The objective of finite element analysis is to accurately determine the response of a system modeled with finite elements and subjected to given loads. 3D models are meshed into a system of 3D tetrahedral elements, the corners of which are called nodes. Nodal forces and stiffnesses are known quantities, and are grouped into a force matrix {F} and stiffness matrix [K]. The force matrix {F} is equal to the displacement matrix {U} times the stiffness matrix [K], or {F} = [K]{U}. Since the displacement matrix {U} is unknown, it is determined by solding the equation {U} = {F}[K]^-1 ([K]^-1 = inverse of the stiffness matrix). Displacemant is related to material strain (ε) which is used with the modulus of elasticity (E) to determine stress in the part σ with the equation σ= (ε)(E). This forms the basis of finite element analysis.

SOLIDWORKS Simulation uses the displacement formulation of the finite element method to calculate component displacements, strains, and stresses under internal and external loads.
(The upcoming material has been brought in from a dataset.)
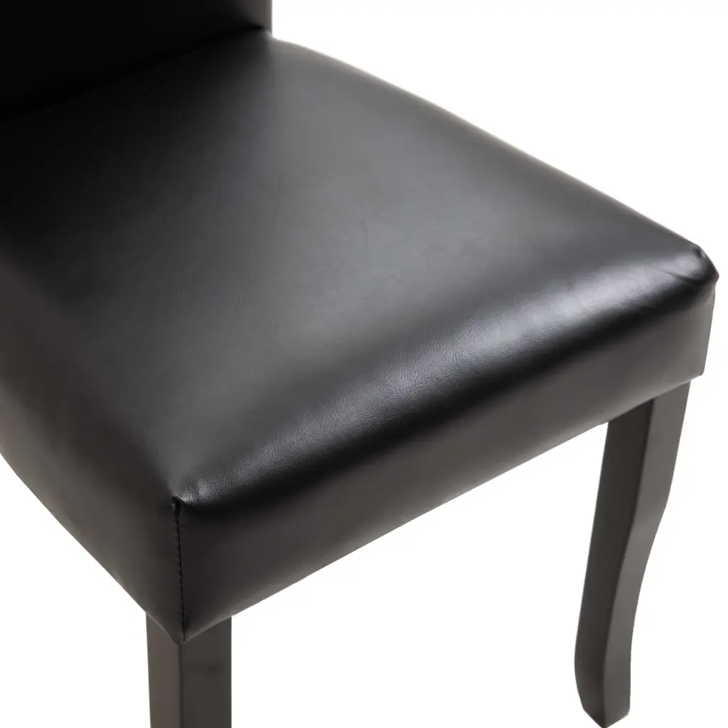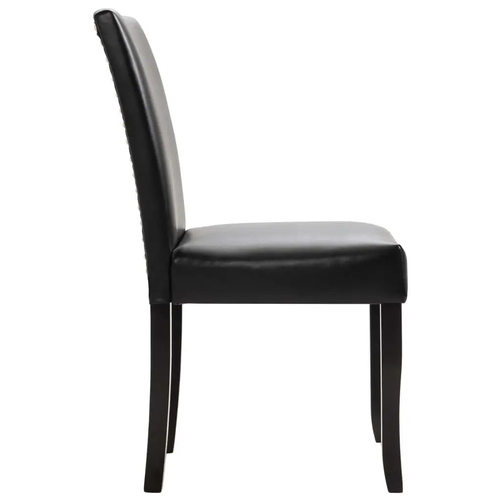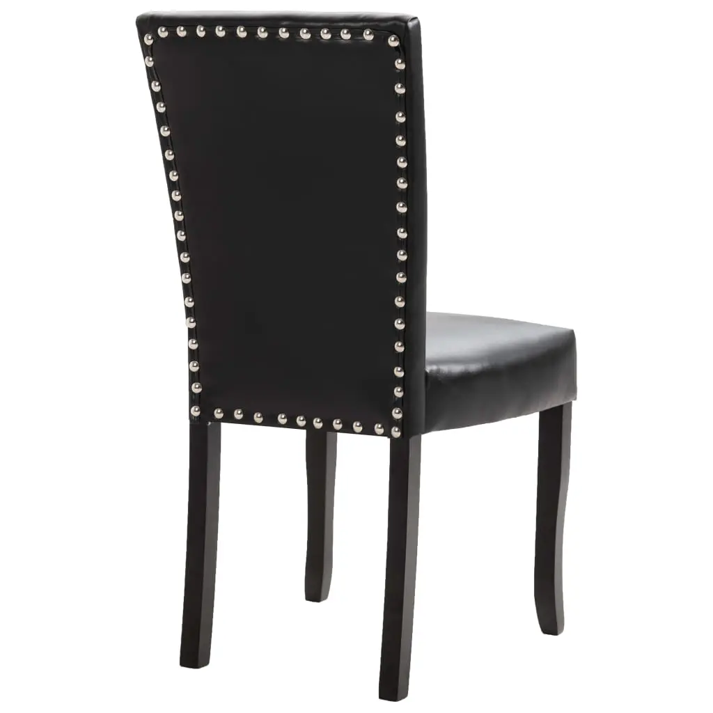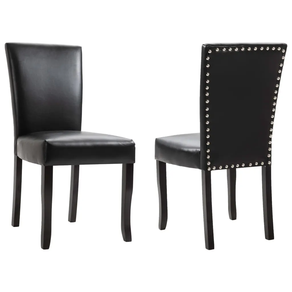 This dining chair set in a modern design will be a truly eye-catcher in any room. The dining chairs are upholstered in a soft faux leather and thickly padded to provide maximum comfort. Its ergonomic design makes the dining chair exceedingly comfortable to nestle. The backrest, decorated with unique nails, adds a fabulous charm to the chair. Thanks to the solid wooden legs, the chairs are sturdy and stable. Delivery includes 2 dining chairs.
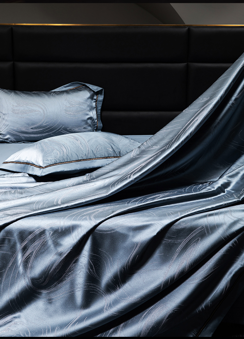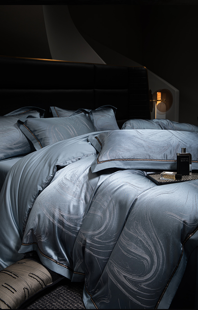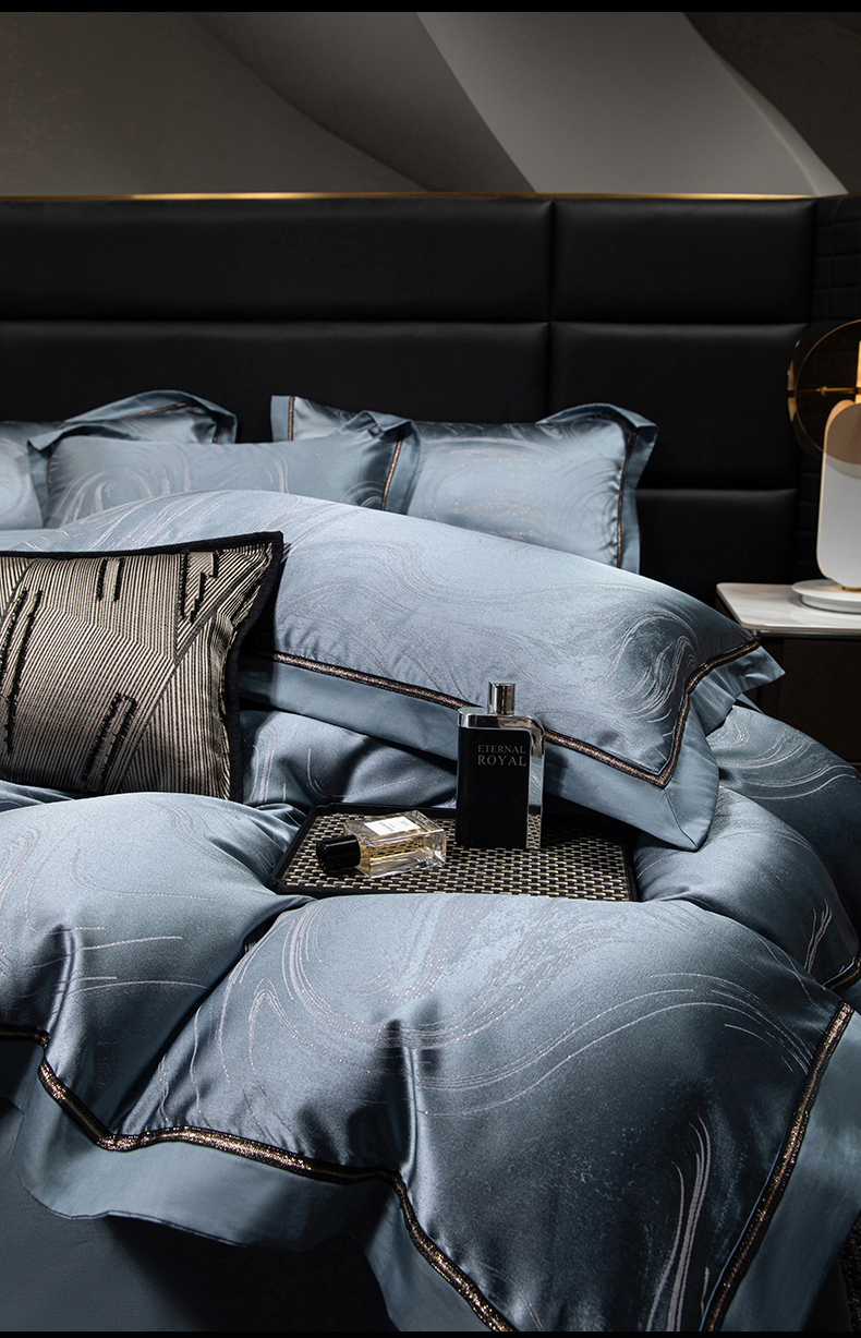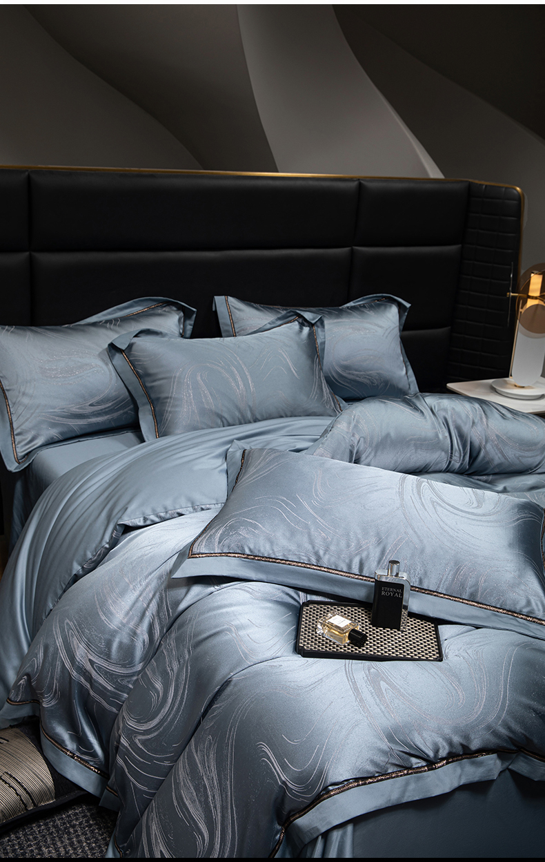 商品名称:暖洋 2025新款600T高精密莫代尔大提花CP100支新疆长绒棉四件套全棉四件套【礼盒包装】 钻石蓝

#### Slideshow Explanation

Slide 1. The 'Tent Structure FEA' is a stress analysis of a commercial tent frame which is subjected to a wind                   load of 120 mph.
Slide 2.The 'Lifting Hook FEA' is a standard lifting hook stress analyzed while subjected to a load of 5 kips.
Slide 3.The 'Instrumented Pressure Vessel FEA' is a stress analysis of a IPV subjected to an external pressure of                 2234 psi, corresponding to a water depth of 5000 ft.
Slide 4.The 'Armored Cable Termination FEA' is a stress analysis of the ACT while it is subjected to a load of 10 kips                  (44.5 kn).

#### What FEA Can Do For You

FEA can be used to calculate stress and deflection in machine parts, assemblies, weldments, and sheet metal parts.

Stress values are compared to material ultimate or yield strength values to determine whether or not the part will be able to function as required.